The / mount point is the top of the Linux Filesystem Hierarchy, and is referred to as the root file system, or root. The /root directory, sometimes pronounced “slash-root”, is the home directory for the root user.

/home - at least 10 GB

To store user data separately from system data, create a dedicated mount point for the /home directory. This partition should be sized based on the amount of data that will be stored locally, number of users, and so on. This will allow you to upgrade or reinstall Fedora without erasing user data files. During the installation, a separate /home partition will be created if there are 50 GB or more free space for your Fedora installation.

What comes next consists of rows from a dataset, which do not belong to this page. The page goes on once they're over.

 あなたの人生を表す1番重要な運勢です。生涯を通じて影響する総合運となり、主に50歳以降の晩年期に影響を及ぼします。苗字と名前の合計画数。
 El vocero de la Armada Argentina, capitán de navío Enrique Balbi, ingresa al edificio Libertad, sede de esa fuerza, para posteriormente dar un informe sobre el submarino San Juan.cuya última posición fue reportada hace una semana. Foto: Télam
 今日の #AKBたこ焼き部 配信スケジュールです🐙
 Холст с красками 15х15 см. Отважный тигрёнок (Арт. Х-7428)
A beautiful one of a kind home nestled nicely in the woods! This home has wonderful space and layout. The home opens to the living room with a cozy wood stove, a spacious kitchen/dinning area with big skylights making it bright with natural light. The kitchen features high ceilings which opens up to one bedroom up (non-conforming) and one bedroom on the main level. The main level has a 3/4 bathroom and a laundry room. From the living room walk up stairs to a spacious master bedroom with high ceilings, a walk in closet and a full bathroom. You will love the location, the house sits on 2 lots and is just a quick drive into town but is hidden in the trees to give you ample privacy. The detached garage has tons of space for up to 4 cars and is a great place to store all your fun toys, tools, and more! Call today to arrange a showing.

When using Fedora as a workstation for normal use with a graphical environment, this mount point should have the most disk space assigned to it, as it will likely hold the most data (user settings, images, videos, etc).

swap - based on your system parameters

Swap partitions support virtual memory; data is written to them when there is not enough RAM to store the data your system is processing. This partition’s size is a function of system memory workload, not total system memory, and therefore is not equal to the total system memory size. Therefore, it is important to analyze what applications a system will be running and the load those applications will serve in order to determine the system memory workload. Application providers and developers should be able to provide some guidance.

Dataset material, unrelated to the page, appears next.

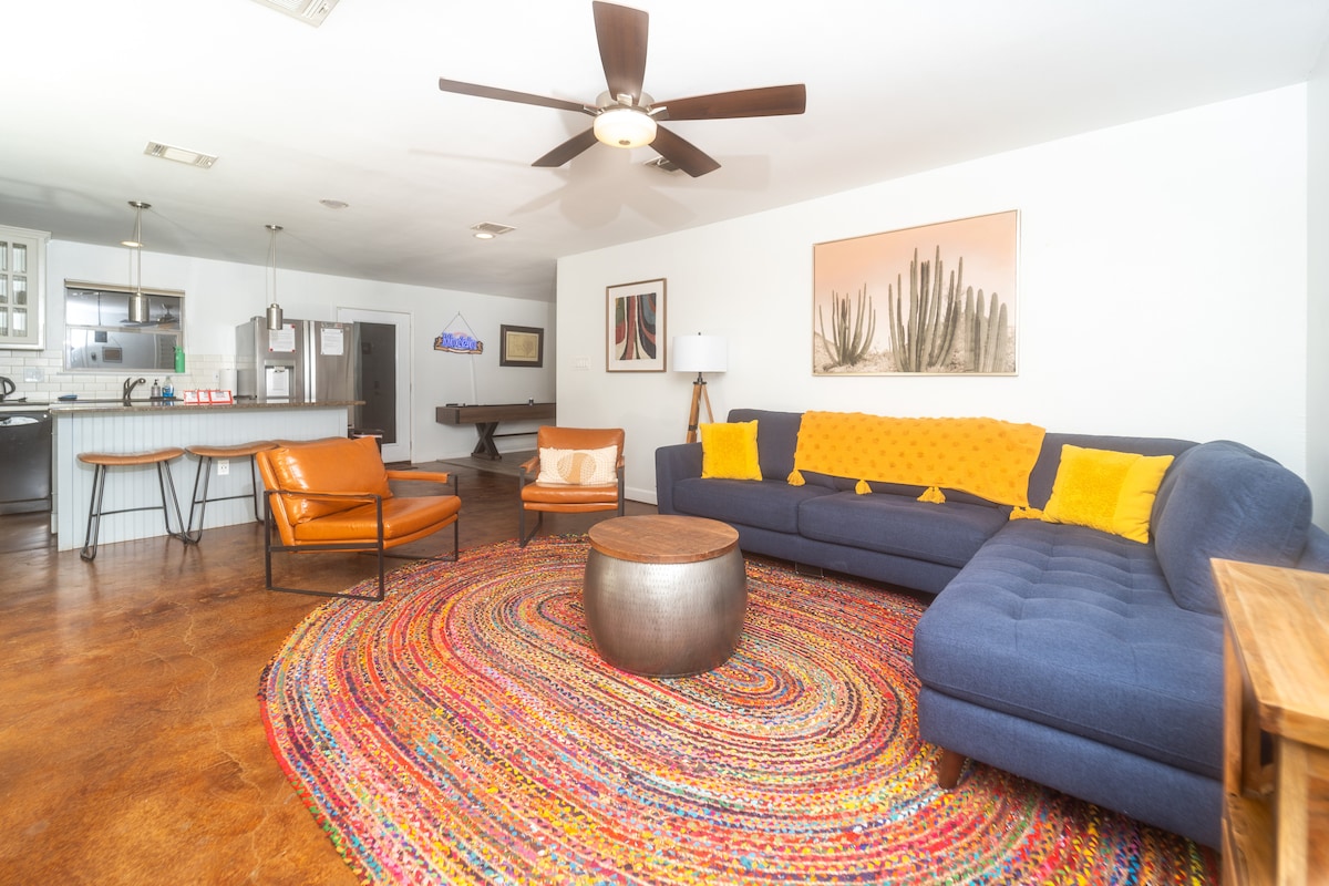 Bine ai venit la Boho Bungalow, un apartament privat frumos remodelat, cu 1 dormitor și 1 baie, în NW Austin. Ce îți va plăcea: • Decor boho elegant, cu un plan de etaj luminos și deschis, creând un mediu confortabil, dar liniștit • Intrare privată, terasă acoperită imensă în aer liber și parcare dedicată pentru până la 4 vehicule •Situat într-un cartier liniștit din Austin, convenabil pentru atracții de top, cumpărături și restaurante
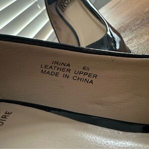 Patent leather upper. Breathable leather lining. Lightly padded footbed. Patent-covered heel and hidden platform. Leather sole. Size 6.5. Great used condition - see photos for signs of wear.

When the system runs out of swap space, the kernel terminates processes as the system RAM memory is exhausted. Configuring too much swap space results in storage devices being allocated but idle and is a poor use of resources. Too much swap space can also hide memory leaks. The maximum size for a swap partition and other additional information can be found in the mkswap(8) man page.

Beginning with Fedora 33, disk-based swap is no longer created by default. Instead, ZRAM-based swap is automatically used. See man zram-generator and man zram-generator.conf for more information. Should you choose to create disk-based swap, you will have two swap devices: disk-based with a lower priority, and ZRAM-based with a higher priority.

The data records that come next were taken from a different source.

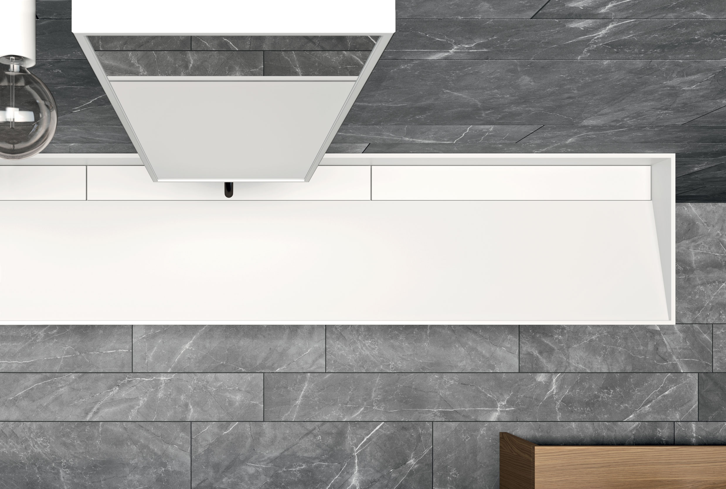 Prime is part of a universal program that extends to all elements furnishing the bathroom, such as washbasins, bathtubs, shower trays, accessories and coverings, using Corian® in 12 colors as a common material, suitable for maintaining visual and functional continuity in the environment.
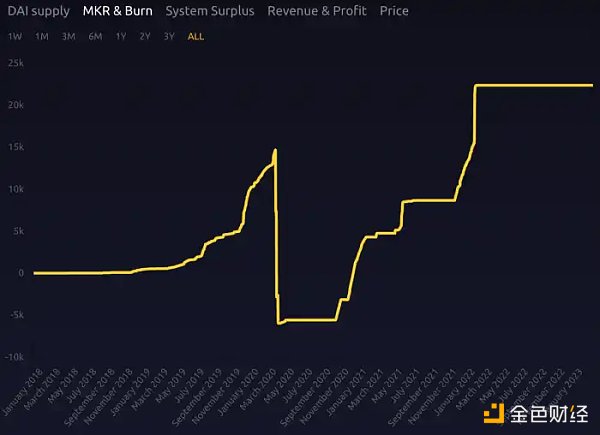 虽然协议盈余可以回购销毁 MKR 使其通缩,但是似乎并不可观。MKR 上线 5 年,总量 100 万枚 T抹茶en 仅销毁了 2.2 万枚,平均每年通缩率为 0.4%。
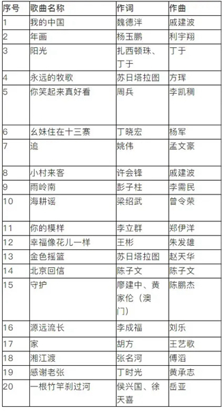 2019年度20首优秀歌曲
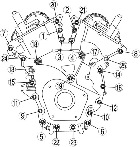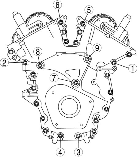 b. Tighten the engine front cover bolts in the order in 2 steps in the order shown in the figure.

The table below provides the recommended size of a swap partition depending on the amount of RAM in your system and whether you want sufficient memory for your system to hibernate. If you let the installation program partition your system automatically, the swap partition size will be established using these guidelines. Automatic partitioning setup assumes hibernation is not in use, and the maximum size of the swap partition is limited to 10% of the total size of the hard drive. If you want to set up enough swap space to allow for hibernation, or if you want to set the swap partition size to more than 10% of the system’s storage space, you must edit the partitioning layout manually.

Table 2. Recommended System Swap Space
Amount of RAM in the system Recommended swap space Recommended swap space if allowing for hibernation

less than 2 GB

2 times the amount of RAM

3 times the amount of RAM

2 GB - 8 GB

Equal to the amount of RAM

2 times the amount of RAM

8 GB - 64 GB

0.5 times the amount of RAM

1.5 times the amount of RAM

more than 64 GB

workload dependent

hibernation not recommended

At the border between each range listed above (for example, a system with 2 GB, 8 GB, or 64 GB of system RAM), discretion can be exercised with regard to chosen swap space and hibernation support. If your system resources allow for it, increasing the swap space may lead to better performance.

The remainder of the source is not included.